Abstract
Background
Loop‐mediated isothermal amplification (LAMP) assay has come forward as a rapid, cost‐effective molecular technique for diagnosis of tuberculosis (TB) in developing countries. This study evaluated Mycobacterium tuberculosis–specific in‐house LAMP assay targeting 16s rRNA and compared it with other conventional tests and nucleic acid amplification assay (IS6110 PCR).
Methods
A total of 133 sputum specimens (103 from suspected pulmonary TB cases and 30 from non‐TB controls) were subjected to conventional tests, IS6110 PCR and 16s rRNA LAMP assay.
Results
Of the 103 patients, the maximum number of cases were found to be positive by LAMP assay, that is, in 87 (84.5%) patients, followed by culture positive in 78 (75.7%), IS6110 PCR in 74 (71.8%), and smear positive in 70 (67.9%) patients.
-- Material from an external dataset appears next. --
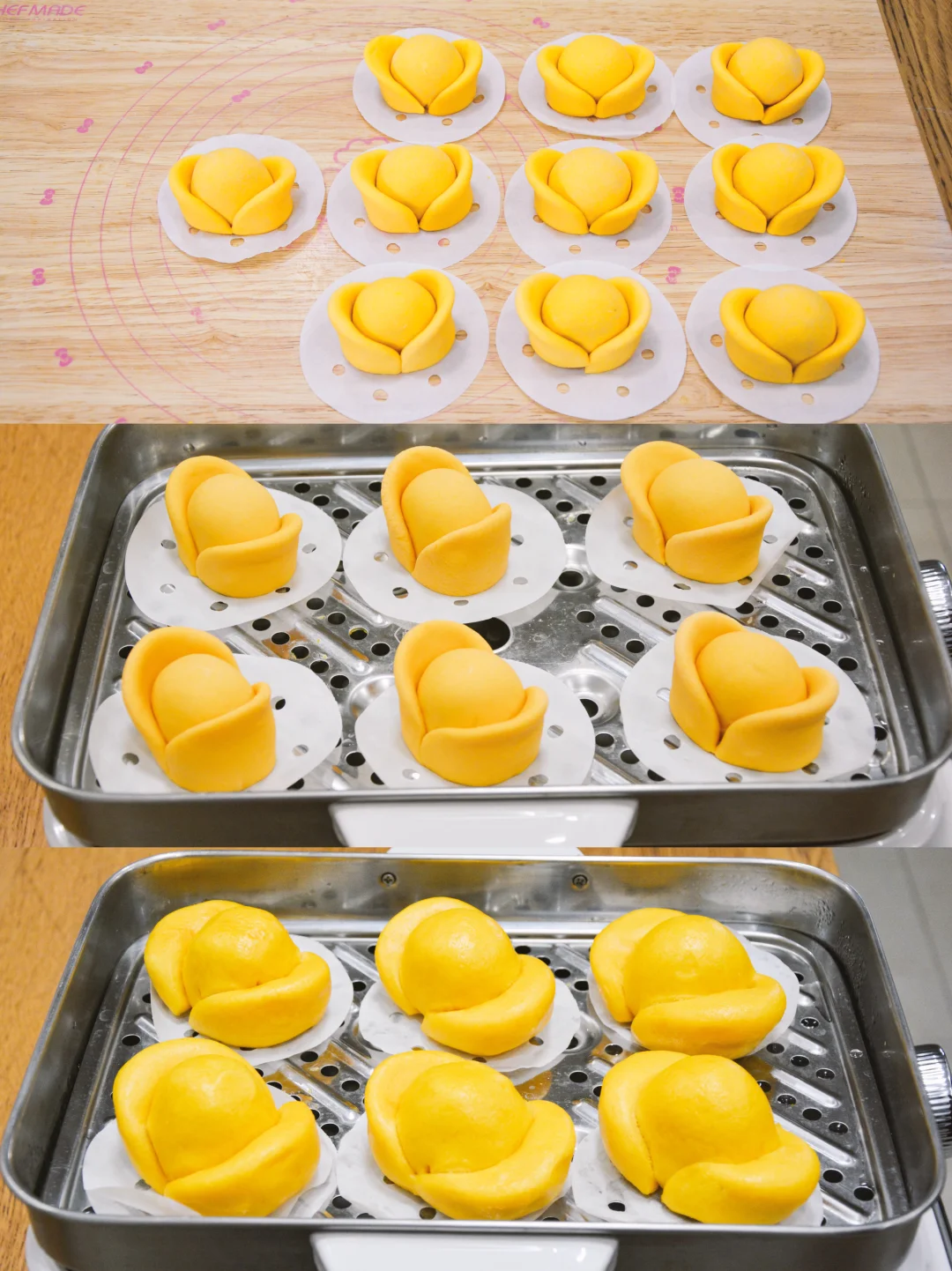 6. 放入温水蒸锅,发酵至1.5倍大,开大火,水开蒸20分钟,闷3分钟。
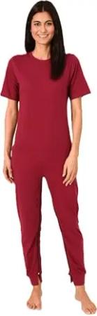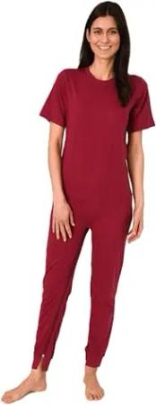 Damen Pflegeoverall Kurzarm Einteiler Schlafanzug mit Reißverschluss am Rücken, Farbe:Beere, Größe:XXL

Of the 83 smear positive and/or culture positive cases, LAMP detected 77 (92.77%) cases, and was found to be superior to IS6110 PCR, which could detect 69 (83.1%) cases; a concordance of 0.6 was obtained between the two tests using kappa statistics.
Conclusion
Overall, LAMP was simple and efficacious for early diagnosis of smear positive, culture positive cases as well as for confirmation of smear negative, culture negative cases, and was found to be superior to IS6110 PCR.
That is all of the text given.